The IPM and active-set SQP paths share the TNLP layer, options
registry, linear-solver backend, and finalize_solution, but are
otherwise isolated. Toggling algorithm is always safe:

  • The default (algorithm = interior-point) runs zero Phase 5
    code. Users who never set active-set-sqp are unaffected.
  • sqp_* options are silently ignored on the IPM path.
  • IPM warm-start options (warm_start_init_point, bound_push,
    bound_frac, slack_bound_push, mult_init_max, mu_init,
    mu_target, …) are silently ignored on the SQP path.

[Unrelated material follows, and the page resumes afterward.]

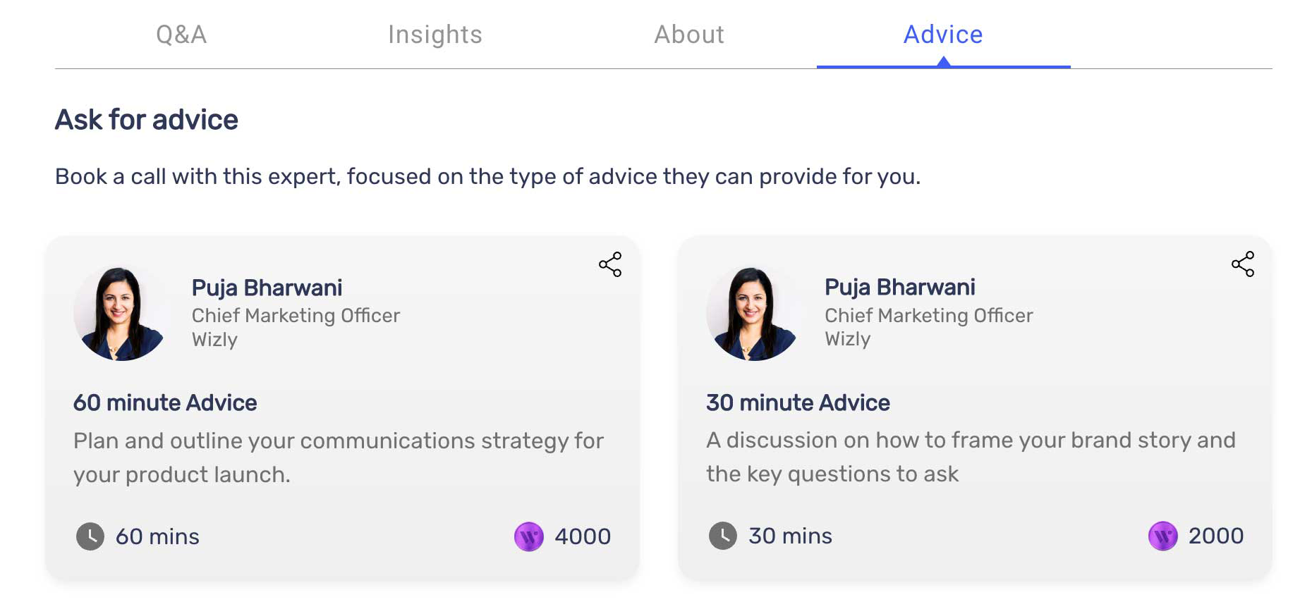 With Wizly, Independent Professionals have the chance to drive traffic to their Wizly account through social media, email marketing, blogs, and more. Independent Professionals with more significant followings now have the ability to reach their audiences on a more personal level through Projects and Advices on the platform.

  • Warm-start payloads are path-local:
    set_sqp_warm_start(SqpIterates) /
    Problem.solve(working_set=…) / IpoptSetWarmStartWorkingSet
    feed the SQP loop only; lagrange= / zl= / zu= paired with
    warm_start_init_point=yes feed the IPM only.
  • info["working_set"] is always present in the Python info
    dict but is None on the IPM path.
  • Callers can flip between paths across solves on the same
    problem handle — the parametric corrector pattern in the
    tutorial uses this for cold IPM warm-up followed by an SQP
    corrector.

These guarantees are exercised by the test suite: see
application_default_does_not_select_sqp,
application_sqp_warm_start_auto_clears_after_use,
application_sqp_warm_start_round_trip, and
test_get_working_set_returns_none_on_ipm_path (Python).